▶ [INSTRUCTIONS TO FOLLOW] Begin with the line below holding "- The Saint" and go on through the line holding "- For the last", duplicating each line exactly and leaving out pictures.

▶ [DATA EXTRACTS]

————————

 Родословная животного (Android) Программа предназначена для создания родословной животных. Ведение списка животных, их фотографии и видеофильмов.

————————

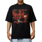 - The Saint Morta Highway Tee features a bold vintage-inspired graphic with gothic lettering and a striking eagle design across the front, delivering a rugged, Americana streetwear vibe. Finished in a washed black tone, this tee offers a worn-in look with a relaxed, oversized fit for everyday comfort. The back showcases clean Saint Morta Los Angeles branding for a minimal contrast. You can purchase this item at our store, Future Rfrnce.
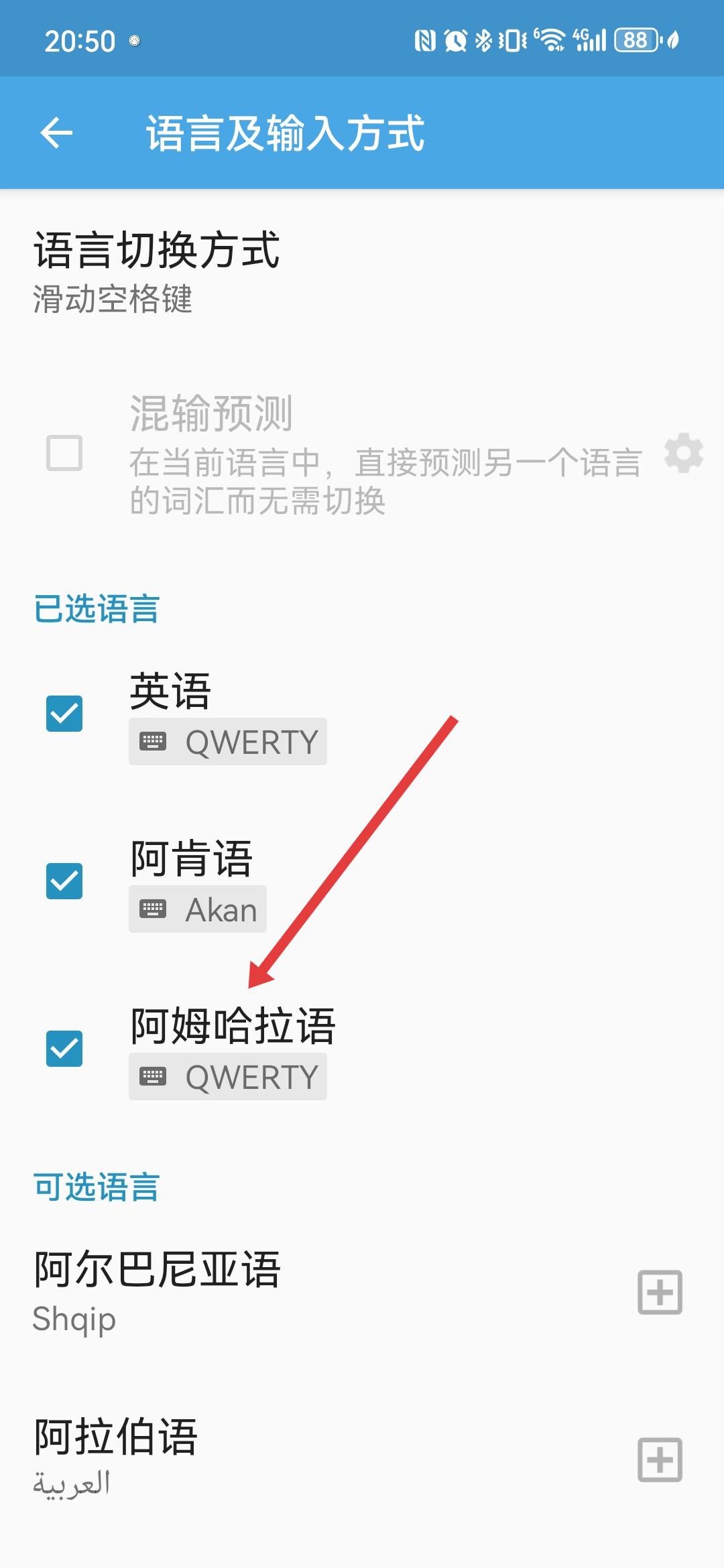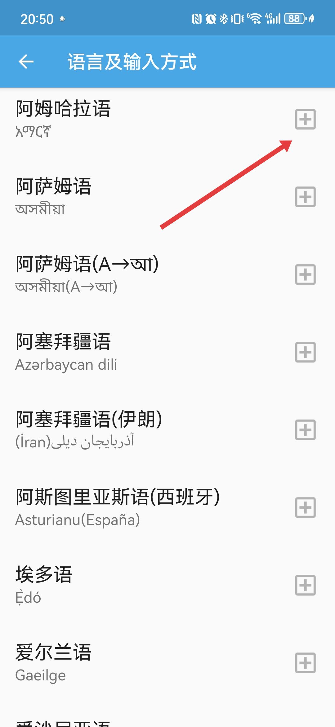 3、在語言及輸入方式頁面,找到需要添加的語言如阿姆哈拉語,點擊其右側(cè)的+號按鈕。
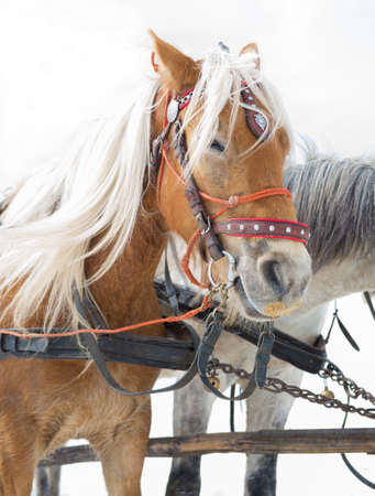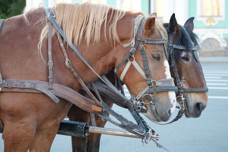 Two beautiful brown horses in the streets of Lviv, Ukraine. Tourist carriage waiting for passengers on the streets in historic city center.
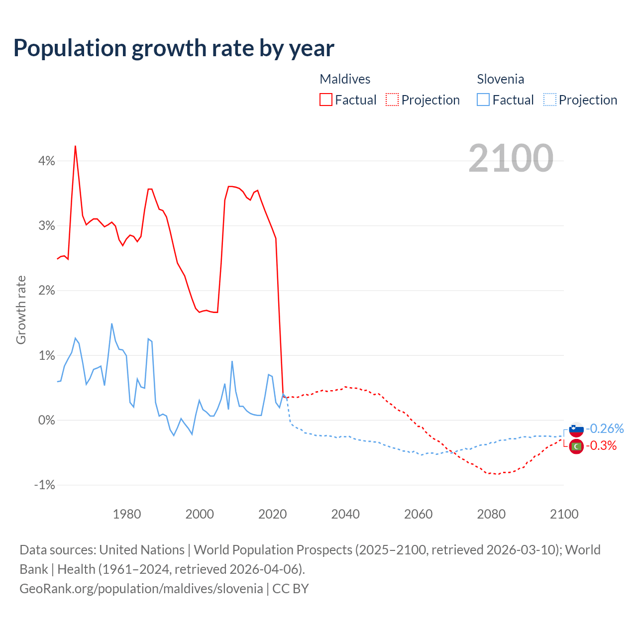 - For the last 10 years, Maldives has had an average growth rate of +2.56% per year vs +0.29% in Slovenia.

————————

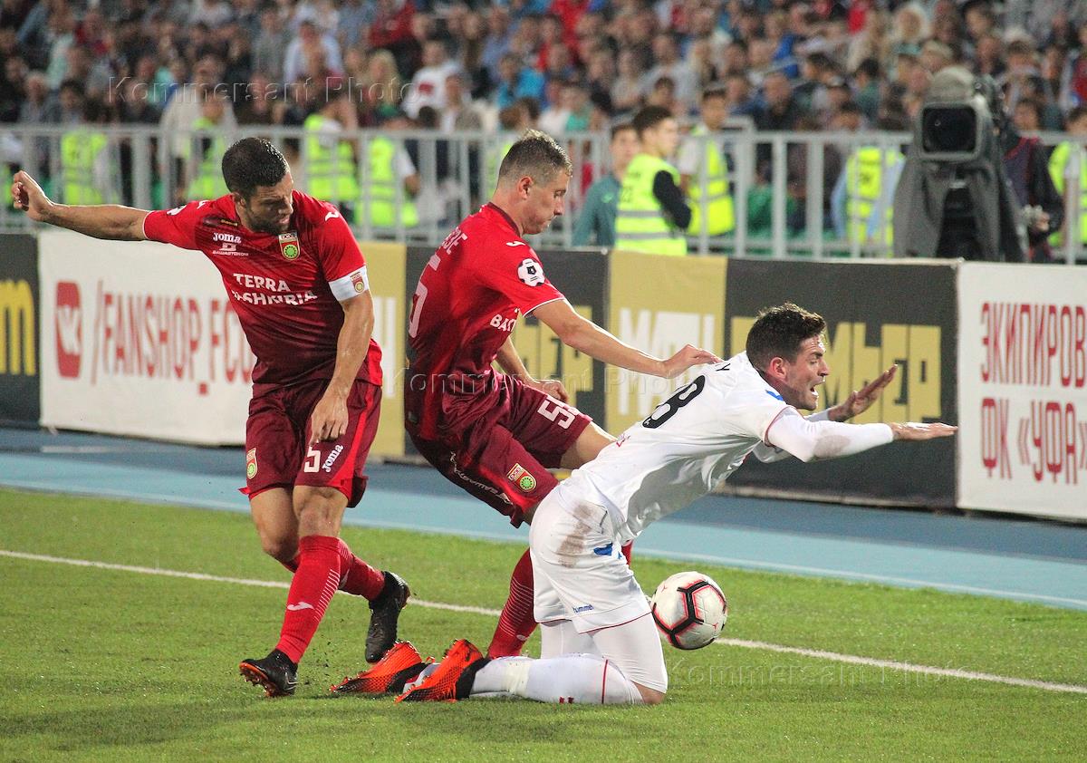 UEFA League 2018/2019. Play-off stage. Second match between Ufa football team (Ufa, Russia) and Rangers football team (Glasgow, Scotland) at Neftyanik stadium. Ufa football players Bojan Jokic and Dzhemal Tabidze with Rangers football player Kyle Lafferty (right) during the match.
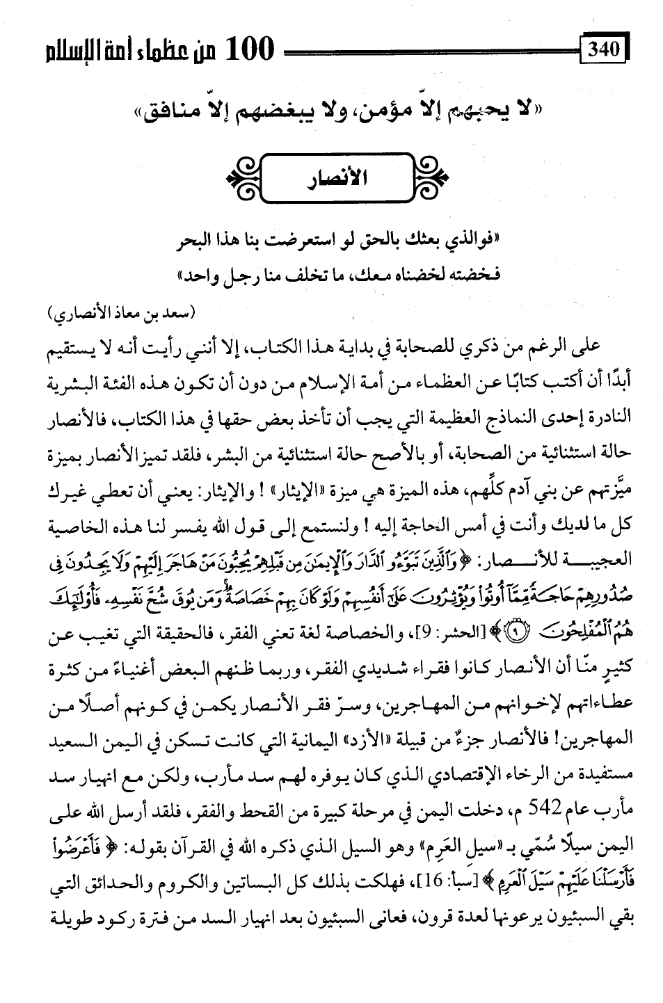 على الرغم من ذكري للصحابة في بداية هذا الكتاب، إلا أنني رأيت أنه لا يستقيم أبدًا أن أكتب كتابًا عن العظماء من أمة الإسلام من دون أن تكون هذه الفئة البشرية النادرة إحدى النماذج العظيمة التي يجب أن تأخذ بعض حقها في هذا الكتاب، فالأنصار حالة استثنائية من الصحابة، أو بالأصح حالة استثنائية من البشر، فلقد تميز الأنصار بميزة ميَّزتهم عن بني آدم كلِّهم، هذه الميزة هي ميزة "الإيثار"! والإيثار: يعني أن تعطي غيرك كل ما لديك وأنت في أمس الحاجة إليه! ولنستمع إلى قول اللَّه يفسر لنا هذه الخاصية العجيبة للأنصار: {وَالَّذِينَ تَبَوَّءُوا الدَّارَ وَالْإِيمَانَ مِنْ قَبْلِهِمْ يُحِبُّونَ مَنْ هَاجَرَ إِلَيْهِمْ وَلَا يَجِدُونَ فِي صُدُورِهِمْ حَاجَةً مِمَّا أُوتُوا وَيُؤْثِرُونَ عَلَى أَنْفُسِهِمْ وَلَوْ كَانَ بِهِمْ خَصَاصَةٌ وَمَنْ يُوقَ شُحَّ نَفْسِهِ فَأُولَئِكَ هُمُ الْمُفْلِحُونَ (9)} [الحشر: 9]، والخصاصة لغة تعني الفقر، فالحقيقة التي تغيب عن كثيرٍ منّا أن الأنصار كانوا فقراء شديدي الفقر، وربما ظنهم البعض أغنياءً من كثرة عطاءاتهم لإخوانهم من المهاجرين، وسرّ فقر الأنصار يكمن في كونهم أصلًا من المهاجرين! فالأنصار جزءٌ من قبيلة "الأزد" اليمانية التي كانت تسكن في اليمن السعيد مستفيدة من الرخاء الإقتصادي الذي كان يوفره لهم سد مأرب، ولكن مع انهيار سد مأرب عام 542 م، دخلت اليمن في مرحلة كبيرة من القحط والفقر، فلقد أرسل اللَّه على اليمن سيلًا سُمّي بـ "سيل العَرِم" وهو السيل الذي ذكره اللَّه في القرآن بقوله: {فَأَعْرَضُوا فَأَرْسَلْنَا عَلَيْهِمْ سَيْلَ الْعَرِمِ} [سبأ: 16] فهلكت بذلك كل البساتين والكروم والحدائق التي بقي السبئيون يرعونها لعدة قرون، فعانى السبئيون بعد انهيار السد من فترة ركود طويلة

————————

▶ [TASK RESULT]
 - The Saint Morta Highway Tee features a bold vintage-inspired graphic with gothic lettering and a striking eagle design across the front, delivering a rugged, Americana streetwear vibe. Finished in a washed black tone, this tee offers a worn-in look with a relaxed, oversized fit for everyday comfort. The back showcases clean Saint Morta Los Angeles branding for a minimal contrast. You can purchase this item at our store, Future Rfrnce.
 3、在語言及輸入方式頁面,找到需要添加的語言如阿姆哈拉語,點擊其右側(cè)的+號按鈕。
 Two beautiful brown horses in the streets of Lviv, Ukraine. Tourist carriage waiting for passengers on the streets in historic city center.
 - For the last 10 years, Maldives has had an average growth rate of +2.56% per year vs +0.29% in Slovenia.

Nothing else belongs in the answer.